The Bike Life

Win Some, Lose Some

by Ken Bingenheimer on December 27, 2009 at 01:32AM
© tedmurphy

Usually when we’re planning the route on our summer trips we make sure to include at least one night where they have casinos. All of the guys enjoy a little gambling, although some of us do better than others. Bill is our most consistent winner, having luck that is absolutely uncanny. I’m the most consistent loser.

A rule, or perhaps a tradition, evolved: If anyone rang those bells that announce a big jackpot, they bought dinner for everyone else. And it was usually Bill doing the buying. That tradition still stands but let’s face it, winning $300, which would have meant buying dinner for three, does not now mean buying dinner for nine. And it’s not very often that one of us will win $600 or $700 or $800. Ring those bells loud enough, though, and you had better be prepared to share the largesse.

Which brings me to the time I did ring the bell.

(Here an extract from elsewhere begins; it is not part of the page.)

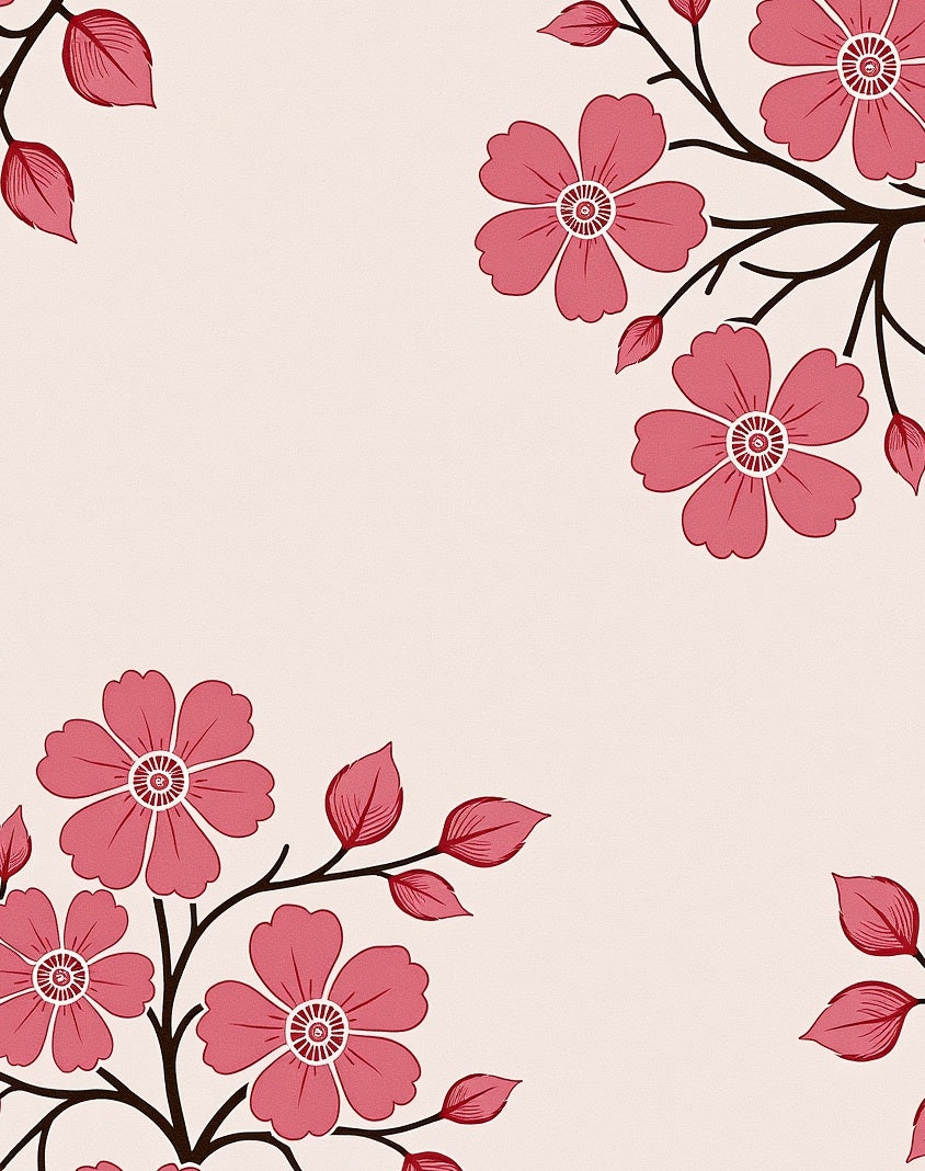 English Garden Chinoiserie with Hand Painted Cherry Blossom Sprays(Pink)

We were cruising up through Idaho one day, coming from Twin Falls and arcing around to Idaho Falls. We had stopped and gone deep underground at Craters of the Moon National Monument and afterward pulled into the little town of Arco. On this hot day the little bar we saw on the main drag beckoned, and we stopped.

Half a dozen locals were gathered at one end of the bar and we took seats down from them a ways. We nodded a greeting to everyone and settled down with some beers. Scoping out the rustic old place, with western bric-a-brac all around, I noticed an odd-looking tool of some sort hanging by a cord just above us. Shaped like a pair of very large tongs, I know now that it is used to take hold of a cow by the nostrils and lead it where you want it to go. But I’d never seen something like this before and was intrigued.

Reaching up, I took hold of the tool. Through a series of pulleys, the cord it hung from looped and angled its way over to a cow bell, hanging close to the locals. The bell rang and the bar fell silent. Everyone turned and looked right at me.

“Anyone who rings that bell buys a round for the house,” I was informed. Their little tradition. Oh gosh.

So we bought them a round, engaged the appreciative folks in friendly conversation, and drank a bit more than we intended. It might have been a financial loss, but it felt like something gained.